◆ Activity
Set every entry down again exactly, excluding any pictures.

━━━━━━━━━━━━━━━━

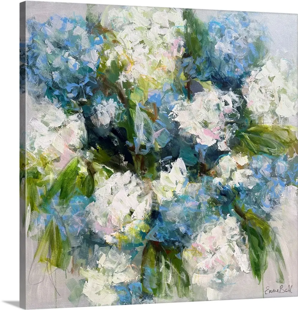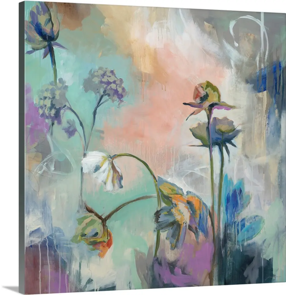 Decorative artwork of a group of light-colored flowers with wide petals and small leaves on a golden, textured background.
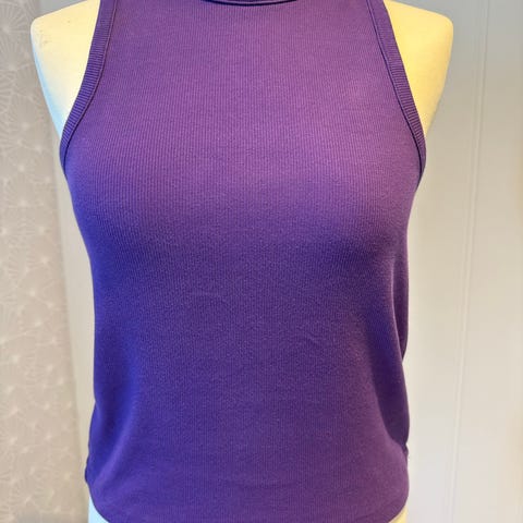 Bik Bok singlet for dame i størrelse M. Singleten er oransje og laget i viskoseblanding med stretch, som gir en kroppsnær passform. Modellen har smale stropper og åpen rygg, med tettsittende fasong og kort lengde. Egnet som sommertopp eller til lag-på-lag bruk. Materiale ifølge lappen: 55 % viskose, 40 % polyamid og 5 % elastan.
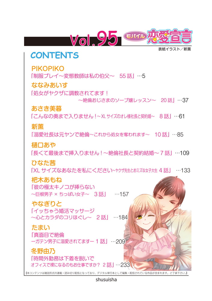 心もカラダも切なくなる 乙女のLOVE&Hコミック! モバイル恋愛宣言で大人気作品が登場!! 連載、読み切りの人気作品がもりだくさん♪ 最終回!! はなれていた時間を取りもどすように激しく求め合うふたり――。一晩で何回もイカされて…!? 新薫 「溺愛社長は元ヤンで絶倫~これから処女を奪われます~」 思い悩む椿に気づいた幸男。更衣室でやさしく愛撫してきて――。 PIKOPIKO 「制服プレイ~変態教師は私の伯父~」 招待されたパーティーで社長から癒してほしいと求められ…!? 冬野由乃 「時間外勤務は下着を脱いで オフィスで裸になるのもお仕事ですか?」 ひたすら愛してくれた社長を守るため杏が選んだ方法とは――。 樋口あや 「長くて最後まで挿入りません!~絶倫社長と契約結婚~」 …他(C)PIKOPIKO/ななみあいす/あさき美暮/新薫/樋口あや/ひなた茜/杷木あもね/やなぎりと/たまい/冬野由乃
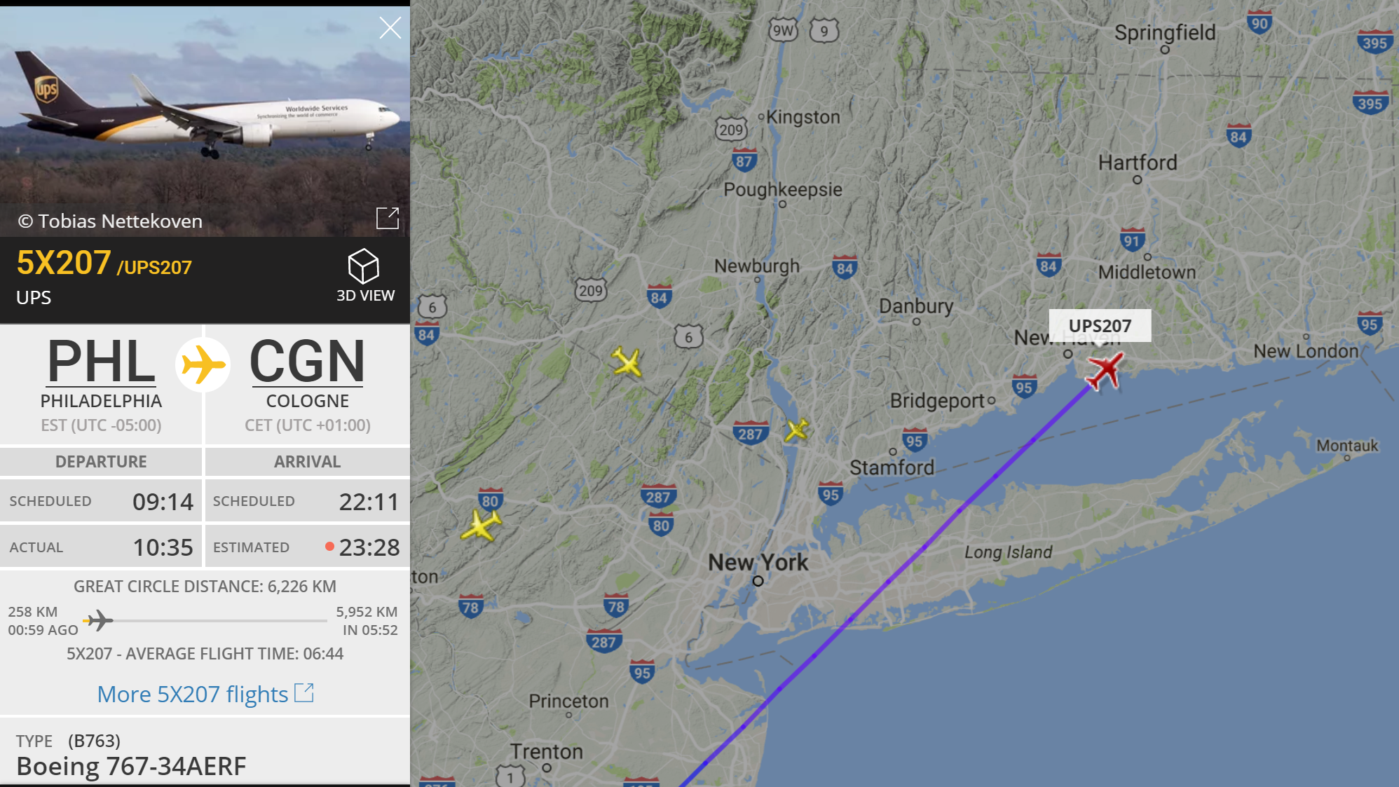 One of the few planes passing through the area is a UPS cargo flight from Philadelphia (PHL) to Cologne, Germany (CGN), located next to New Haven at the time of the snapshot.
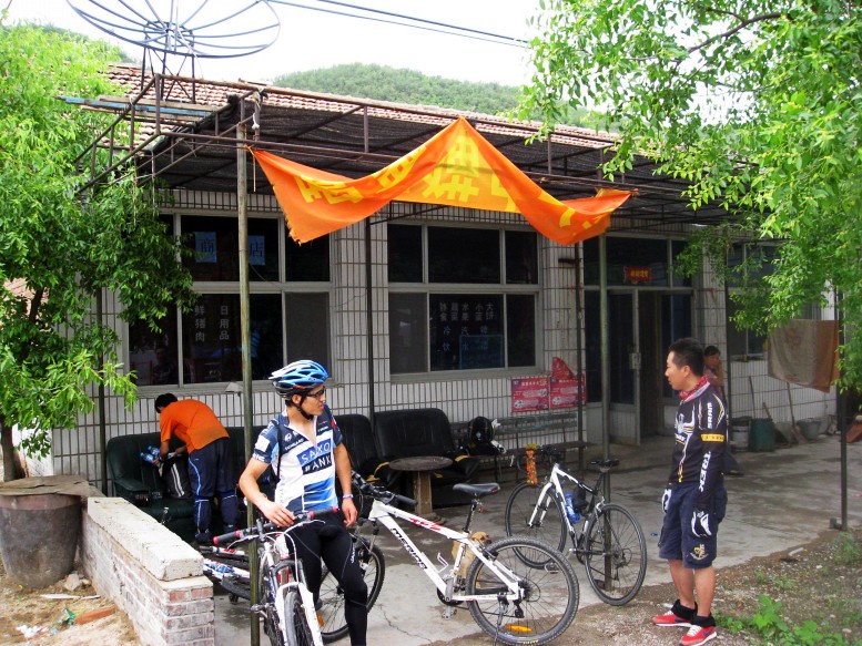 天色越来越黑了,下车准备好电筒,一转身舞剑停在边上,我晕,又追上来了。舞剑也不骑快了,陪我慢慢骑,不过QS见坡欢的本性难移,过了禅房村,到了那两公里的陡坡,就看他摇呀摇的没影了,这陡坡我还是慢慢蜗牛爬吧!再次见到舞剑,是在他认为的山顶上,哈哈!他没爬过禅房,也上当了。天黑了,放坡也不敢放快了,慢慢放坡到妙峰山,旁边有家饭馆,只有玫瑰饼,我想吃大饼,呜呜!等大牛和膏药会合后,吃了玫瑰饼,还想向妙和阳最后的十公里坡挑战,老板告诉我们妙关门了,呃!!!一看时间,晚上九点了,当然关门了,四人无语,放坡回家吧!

━━━━━━━━━━━━━━━━

◆ Answer section
 Decorative artwork of a group of light-colored flowers with wide petals and small leaves on a golden, textured background.
 Bik Bok singlet for dame i størrelse M. Singleten er oransje og laget i viskoseblanding med stretch, som gir en kroppsnær passform. Modellen har smale stropper og åpen rygg, med tettsittende fasong og kort lengde. Egnet som sommertopp eller til lag-på-lag bruk. Materiale ifølge lappen: 55 % viskose, 40 % polyamid og 5 % elastan.
 心もカラダも切なくなる 乙女のLOVE&Hコミック! モバイル恋愛宣言で大人気作品が登場!! 連載、読み切りの人気作品がもりだくさん♪ 最終回!! はなれていた時間を取りもどすように激しく求め合うふたり――。一晩で何回もイカされて…!? 新薫 「溺愛社長は元ヤンで絶倫~これから処女を奪われます~」 思い悩む椿に気づいた幸男。更衣室でやさしく愛撫してきて――。 PIKOPIKO 「制服プレイ~変態教師は私の伯父~」 招待されたパーティーで社長から癒してほしいと求められ…!? 冬野由乃 「時間外勤務は下着を脱いで オフィスで裸になるのもお仕事ですか?」 ひたすら愛してくれた社長を守るため杏が選んだ方法とは――。 樋口あや 「長くて最後まで挿入りません!~絶倫社長と契約結婚~」 …他(C)PIKOPIKO/ななみあいす/あさき美暮/新薫/樋口あや/ひなた茜/杷木あもね/やなぎりと/たまい/冬野由乃
 One of the few planes passing through the area is a UPS cargo flight from Philadelphia (PHL) to Cologne, Germany (CGN), located next to New Haven at the time of the snapshot.
 天色越来越黑了,下车准备好电筒,一转身舞剑停在边上,我晕,又追上来了。舞剑也不骑快了,陪我慢慢骑,不过QS见坡欢的本性难移,过了禅房村,到了那两公里的陡坡,就看他摇呀摇的没影了,这陡坡我还是慢慢蜗牛爬吧!再次见到舞剑,是在他认为的山顶上,哈哈!他没爬过禅房,也上当了。天黑了,放坡也不敢放快了,慢慢放坡到妙峰山,旁边有家饭馆,只有玫瑰饼,我想吃大饼,呜呜!等大牛和膏药会合后,吃了玫瑰饼,还想向妙和阳最后的十公里坡挑战,老板告诉我们妙关门了,呃!!!一看时间,晚上九点了,当然关门了,四人无语,放坡回家吧!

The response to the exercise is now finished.